Alla fine era tornato in quello strano posto. Lo aveva fatto lo stesso giorno che era rientrato a casa da Desia, sgattaiolando fuori senza dare troppo nell’occhio aveva passato sì e no una mezz’oretta per le strade e pochi minuti in quel luogo misterioso: finalmente l’uomo che aveva incontrato là gli si era presentato come Nomu, ma non aveva avuto molto tempo da dedicare alle sue domande; visto che però Tetsuya sembrava ben disposto, gli aveva proposto di incontrarlo lì il giorno dopo e dare una mano a un evento di beneficienza. Il signor Nomu aveva detto che quella sarebbe stata l’occasione per capire meglio cosa intendesse dire quando parlava di “arricchire lo spirito.”
Tetsuya non era ancora del tutto convinto di quella cosa, quel posto continuava a inquietarlo ma la curiosità era più forte di qualsiasi altra preoccupazione; aveva avuto un mucchio di cose per la testa negli ultimi tempi e sentiva che sarebbe stato bello avere qualcuno con cui parlarne. Ma allora perché non provava a farlo con Yoshiki o con Hoshi, o magari con Suzuko che avrebbe dovuto cercare di avvicinarsi a lui così come lui con lei? Bé, semplicemente perché si vergognava…

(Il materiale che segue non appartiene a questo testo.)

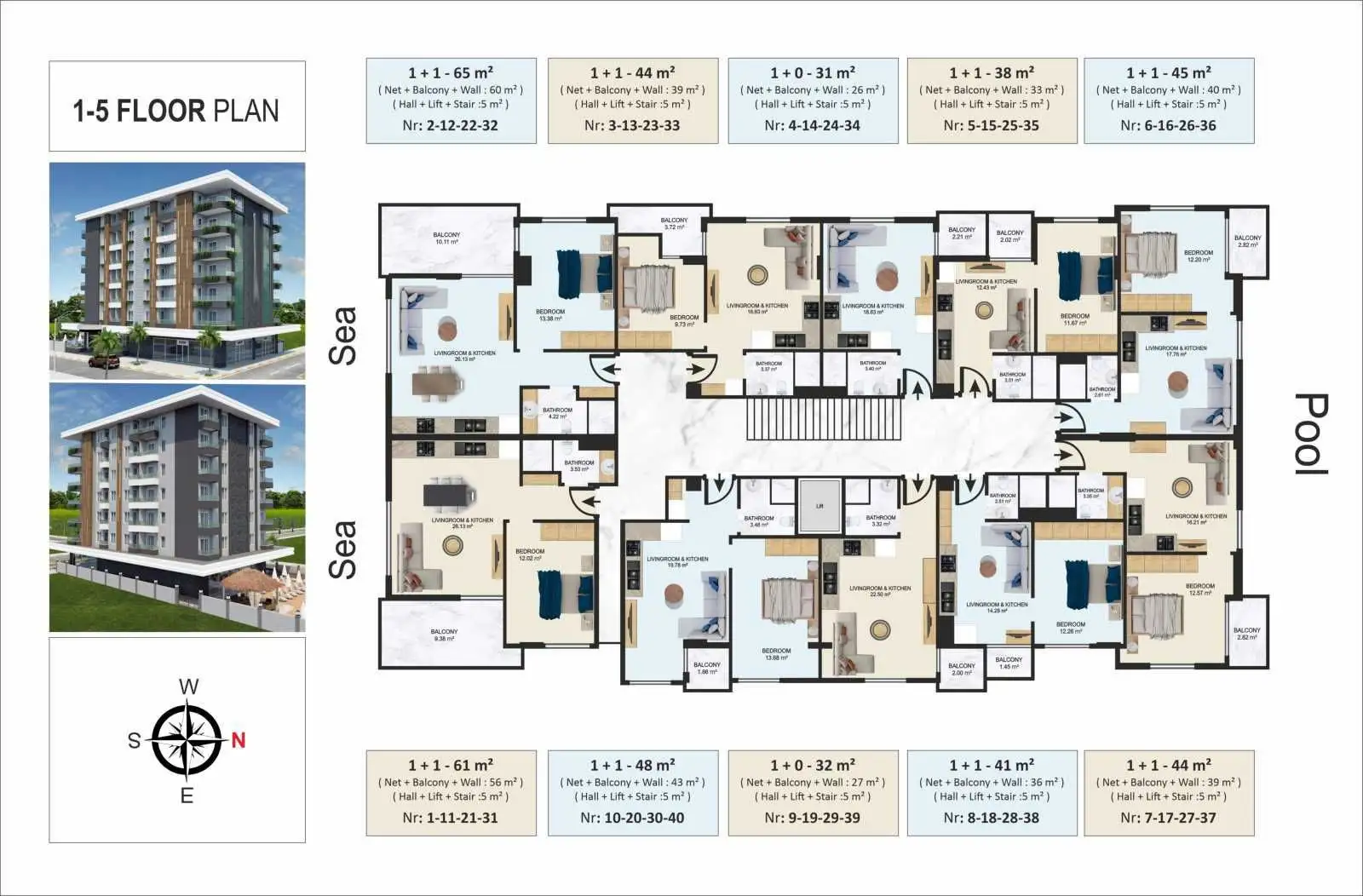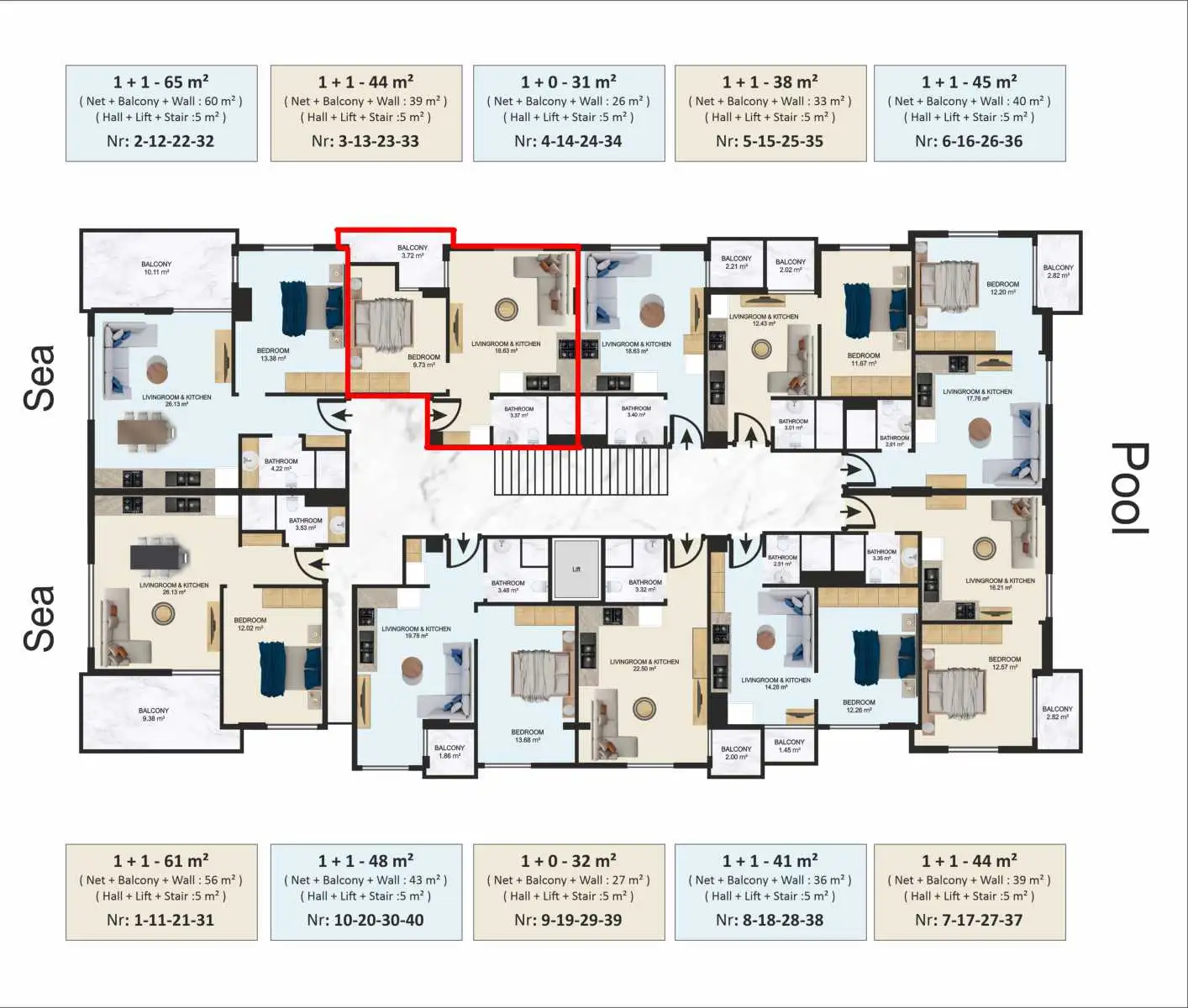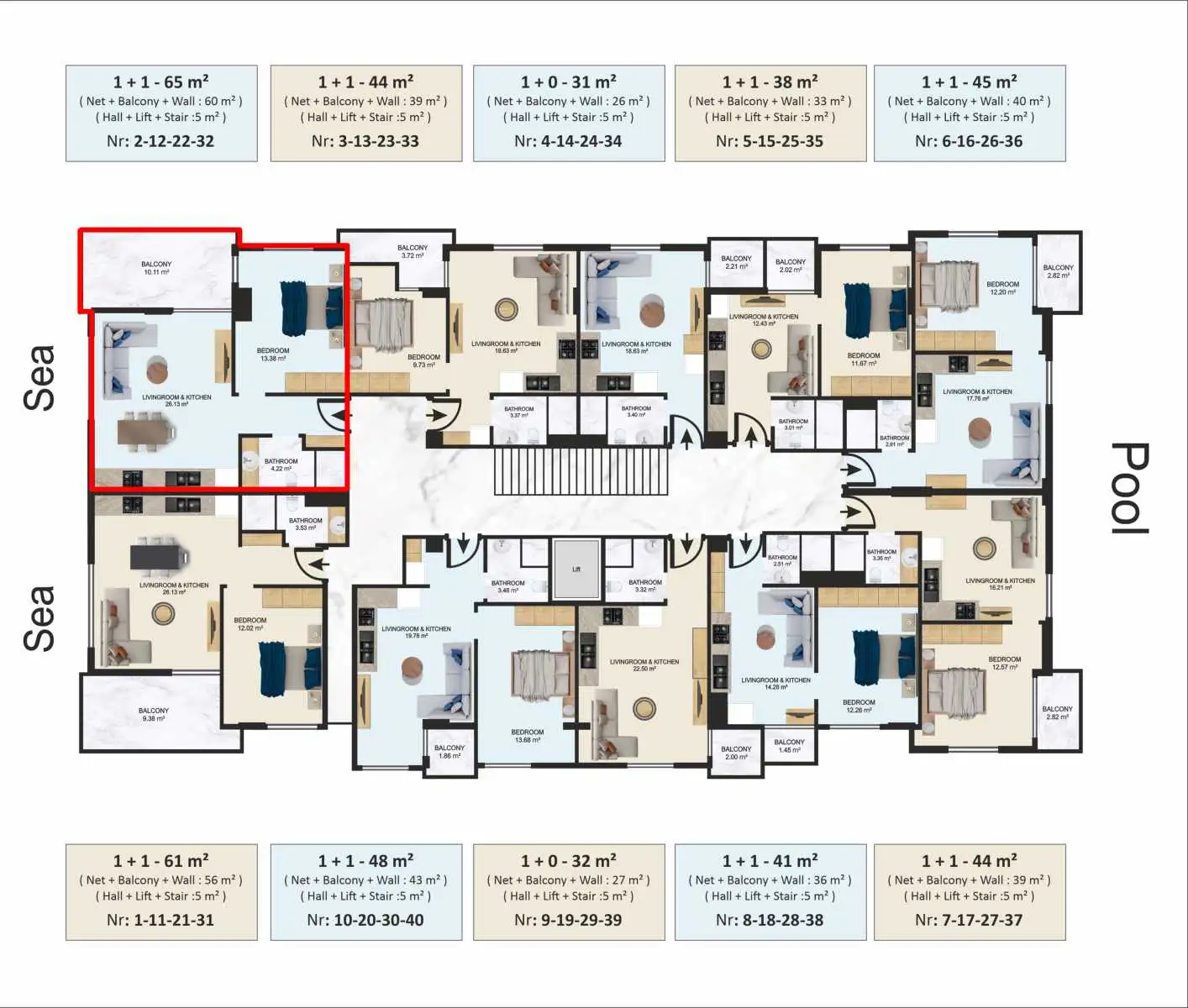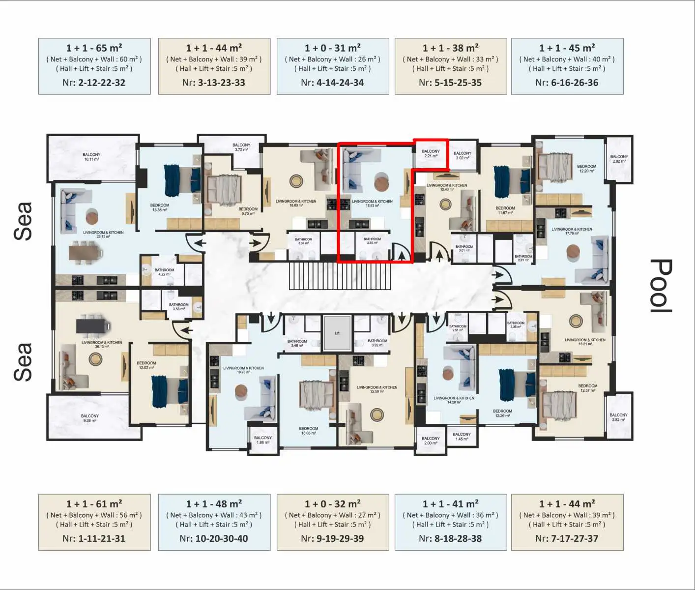 Апартаменты планировкой 1+1, площадью от 38 до 65 м2.

Nomu era uno sconosciuto, non avrebbe dovuto condividere cose tanto personali con lui, eppure sentiva che fosse uno di cui potersi fidare e visto come parlava sembrava possedere una certa esperienza da condividere… Per non parlare del fatto che tutto quanto attorno a lui sembrasse ruotare attorno a quella strana filosofia che diceva di “aiutare chi si era smarrito”. E Tetsuya non credeva veramente di sentirsi tale, ma non poteva negare di non sapere di preciso che strada prendere.
«Tetsuya, sei arrivato!» Lo accolse l’uomo con un grande sorriso. Aveva un aspetto più curato del solito, probabilmente Tetsuya lo aveva sempre incontrato in giornate meno impegnative di questa. Il signor Nomu si fece spazio in mezzo a un gruppetto di persone e andò a salutarlo.

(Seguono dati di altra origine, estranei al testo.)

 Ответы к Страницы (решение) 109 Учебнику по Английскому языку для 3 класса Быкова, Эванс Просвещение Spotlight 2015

«Mi spiace di aver fatto tardi…» Mormorò Tetsuya, la schiena leggermente incurvata per l’imbarazzo. C’era veramente tanta gente, sarebbe stato riconosciuto?
«Non fa niente, i gazebo sono stati facili da montare. Però mi servirebbe proprio qualcuno come te per scaricare le ultime casse dal furgone…» Cambiò subito argomento Nomu, indicando un furgoncino bianco poco distante da lì con uno degli sportelli sul retro ancora aperto.
Il giovane si fece avanti, pronto a dare una mano. Nomu si voltò dall’altra parte e a gran voce chiamò una ragazza più o meno dell’età di Tetsuya, che li raggiunse con passi leggeri.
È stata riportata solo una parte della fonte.